POR Por Elizabeth Sánchez Vegas.- / La madrugada olía a café recién colado, como en las casas venezolanas cuando aún no amanece. Entre las sombras, dos figuras se encontraron: el médico con su maletín eterno y la monja de hábito blanco que convirtió la carencia en milagro. Se sentaron frente a frente, ecomo si hubieran quedado citados desde siempre.
—Hermana Carmen, ¿oyó el alboroto? —preguntó José Gregorio con una sonrisa leve de quien trae buenas noticias—. ¡Hasta en los barrios están ensayando misas con guitarras! Parece que este domingo Venezuela entera va a Roma.
—Doctor, ¿y acaso no es justo? —respondió ella con dulzura—. Tras tantos años en estampitas arrugadas y oraciones murmuradas en la penumbra, era hora de que el mundo reconociera lo que el pueblo siempre supo: que la santidad también habla con acento venezolano.
José Gregorio bajó la mirada, recordando su juventud.
—Yo quería ser sacerdote, pero me dejaron con las ganas. Al final terminé siendo médico. Y mire usted, ahora me canonizan igual. Qué cosas tiene Dios, que escribe recto con líneas torcidas.
—Y yo nací sin un brazo —dijo ella, posando la mano sobre la mesa como quien revela un secreto ya viejo—, y nunca me faltó nada. Es curioso: las ausencias se vuelven caminos para que la fe invente milagros.
El silencio se llenó de pájaros invisibles, como si los llanos hubieran mandado su música.
—Hermana, ¿se imagina lo que sentirán en Isnotú, en Caracas, en los llanos infinitos? —preguntó él con un brillo en los ojos.
—Lo sé, doctor: se llenarán de orgullo. Este es el tiempo en que nuestra Venezuela dará frutos de eternidad.
José Gregorio asintió despacio, como si estuviera examinando la historia clínica de una nación entera.
—A veces pienso que nuestra canonización es un signo. Como diciéndole al país: “Miren, ya tienen santos de su propia tierra… y miren cómo todo empieza a ordenarse”.

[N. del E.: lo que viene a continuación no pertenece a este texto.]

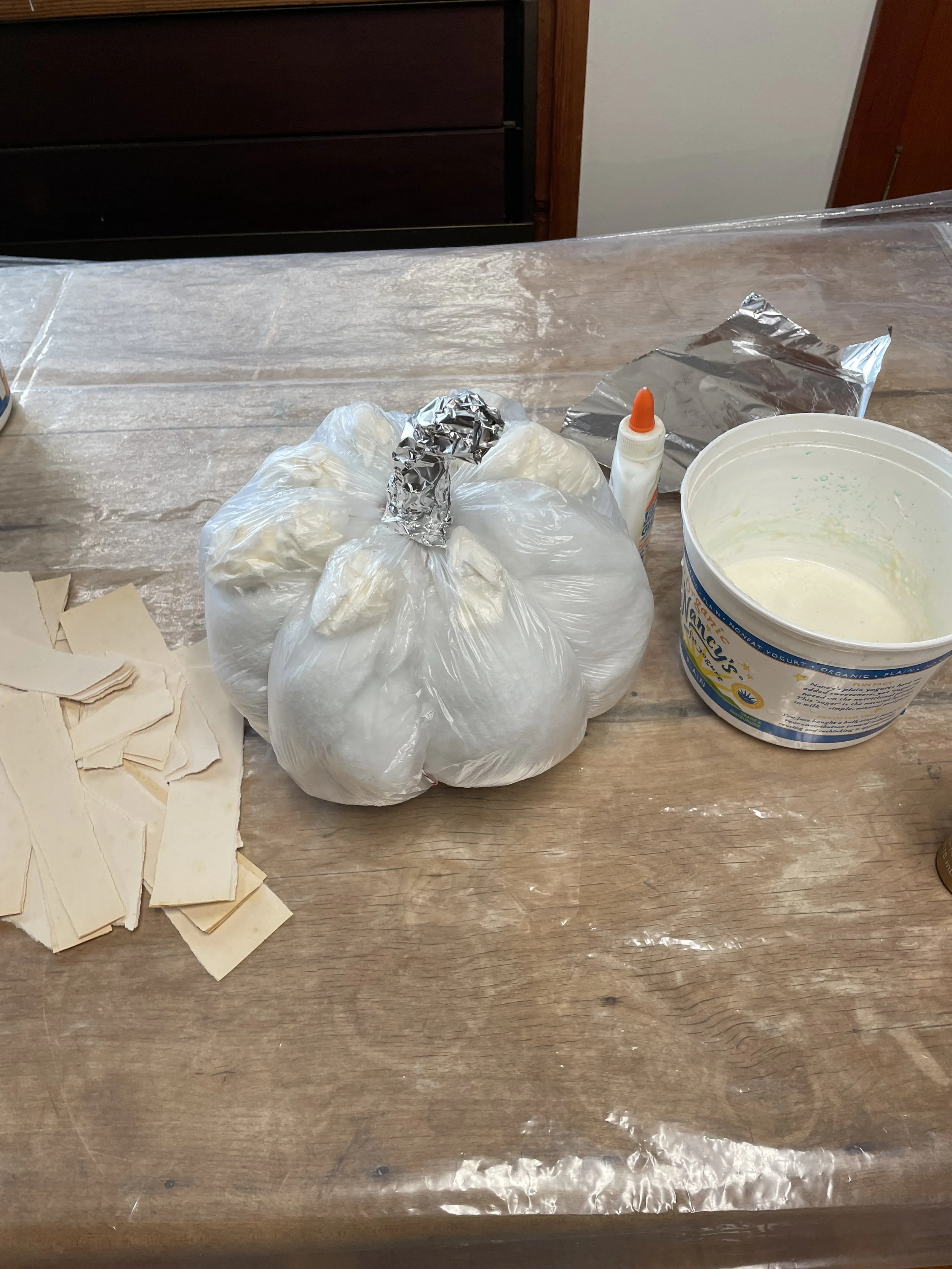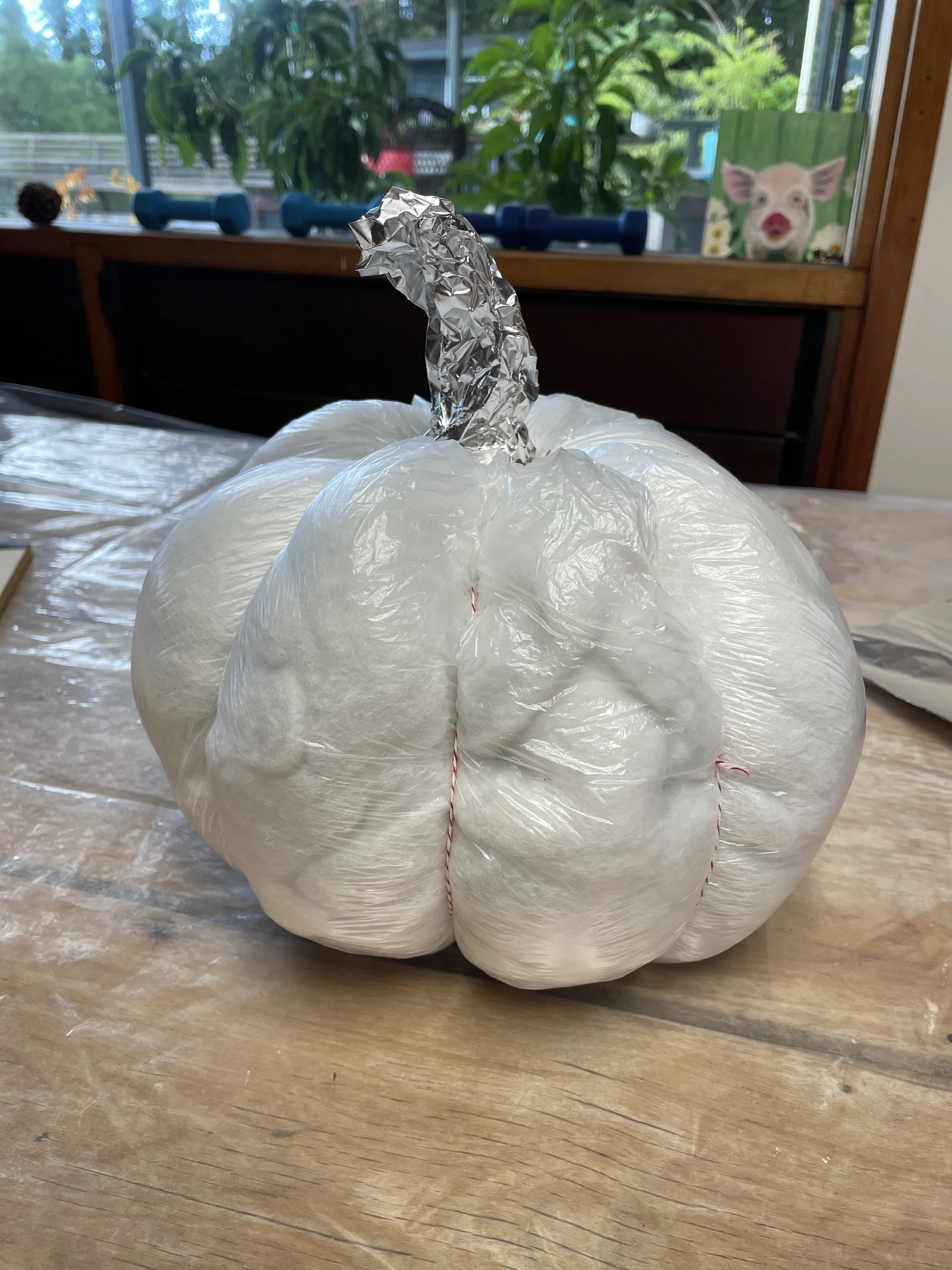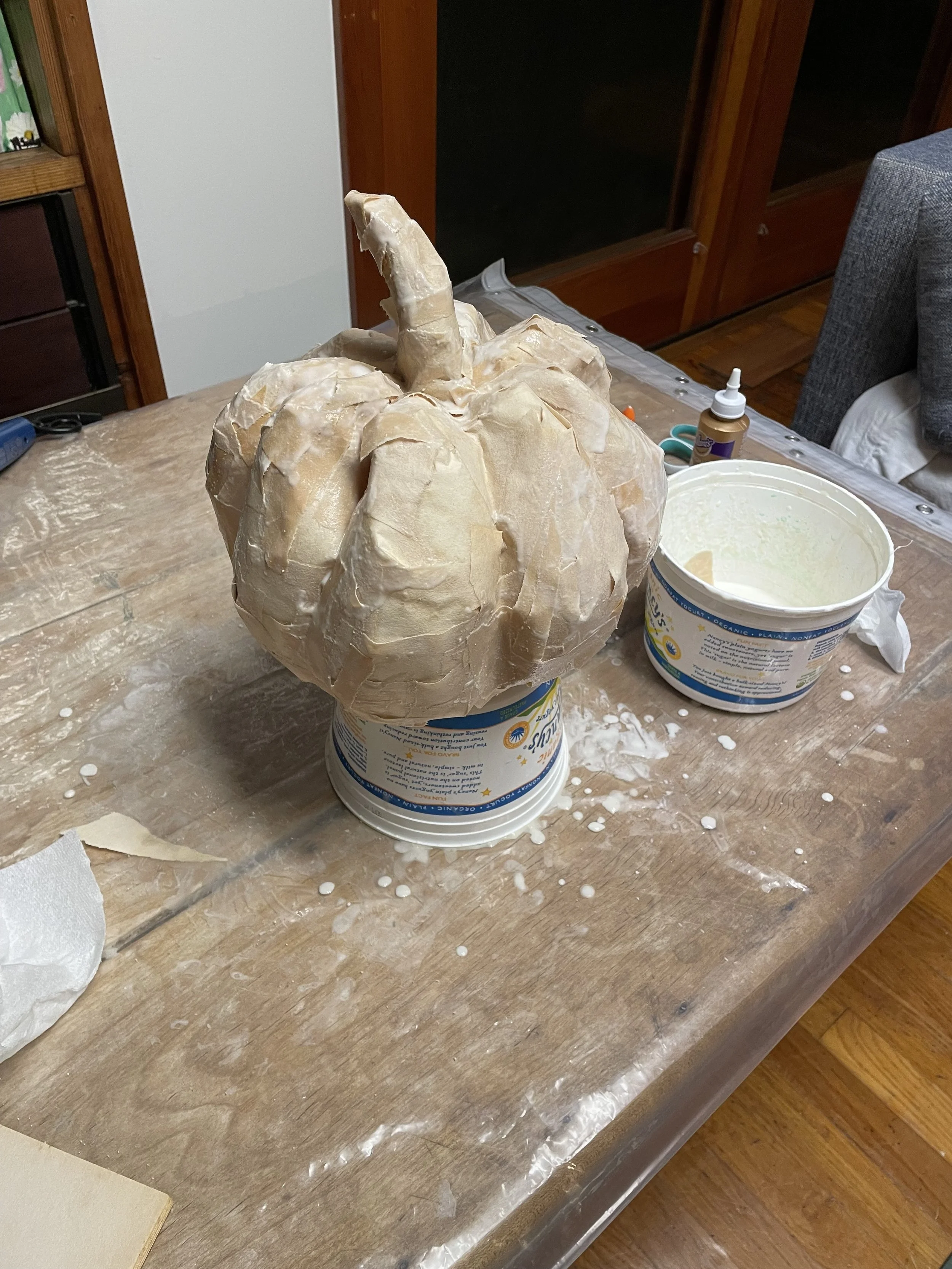 7) I don’t have detailed pictures of this step, but before fully covering the pumpkin bottom, I snipped the strings and the plastic bag at the base and pulled out the pillow stuffing so the pumpkin is hollow. (This is not necessary but I wanted it dry from the inside and be lighter.) Then I paper mached the bottom with a few layers or newsprint and paper towel on top. I used a lot of hot blowdrying to speed up dry time and keep it from collapsing.

Carmen sonrió, sin premura:
—Exacto, doctor. Hoy Venezuela tiene presidente; tiene a María Corina Machado, reconocida con el Premio Nobel de la Paz; y tiene un pueblo que nunca dejó de creer. Todo está en su sitio.
—Y lo más hermoso —añadió él— es que esto no lo decidió la política ni el azar: lo decidió Dios.
—Así es. Venezuela no es un país derrotado, es un país luminoso. Aun en medio del dolor supo mantener la fe, y ahora esa fe florece como un árbol en primavera.
—Hermana, yo quiero que este domingo los venezolanos no lloren de tristeza, sino de alegría. Que sientan que el cielo se abre para ellos y comprendan que su país está llamado a levantarse, a mostrarse al mundo como ejemplo de esperanza.
—Yo también lo quiero, doctor. Y que sepan que no estamos lejos: seguimos a su lado, intercediendo, cuidando, recordándoles que son capaces de grandeza.
José Gregorio rió bajito, como quien suelta una verdad sencilla:
—Entonces hagamos trato, hermana: cuando nos nombren en Roma, usted intercede por los que están afuera, yo por los que siguen adentro, y entre los dos hacemos puente hasta que Venezuela entera se abrace.
Carmen levantó la mirada, con la serenidad de las que saben esperar:
—Trato hecho, doctor. Porque al final, más que santos, somos compatriotas. Y hoy podemos decirlo sin titubeos: Venezuela tiene líder, presidente y paz; y tiene santos. Lo demás se ordena con la gracia.
El café humeó una última vez sobre la mesa invisible. Y allí quedaron, en esa conversación que nadie oyó, con la certeza de que este domingo Venezuela no mira hacia Roma: es Roma la que mira hacia Venezuela, porque el cielo ya decidió sonreírle a su Tierra de Gracia.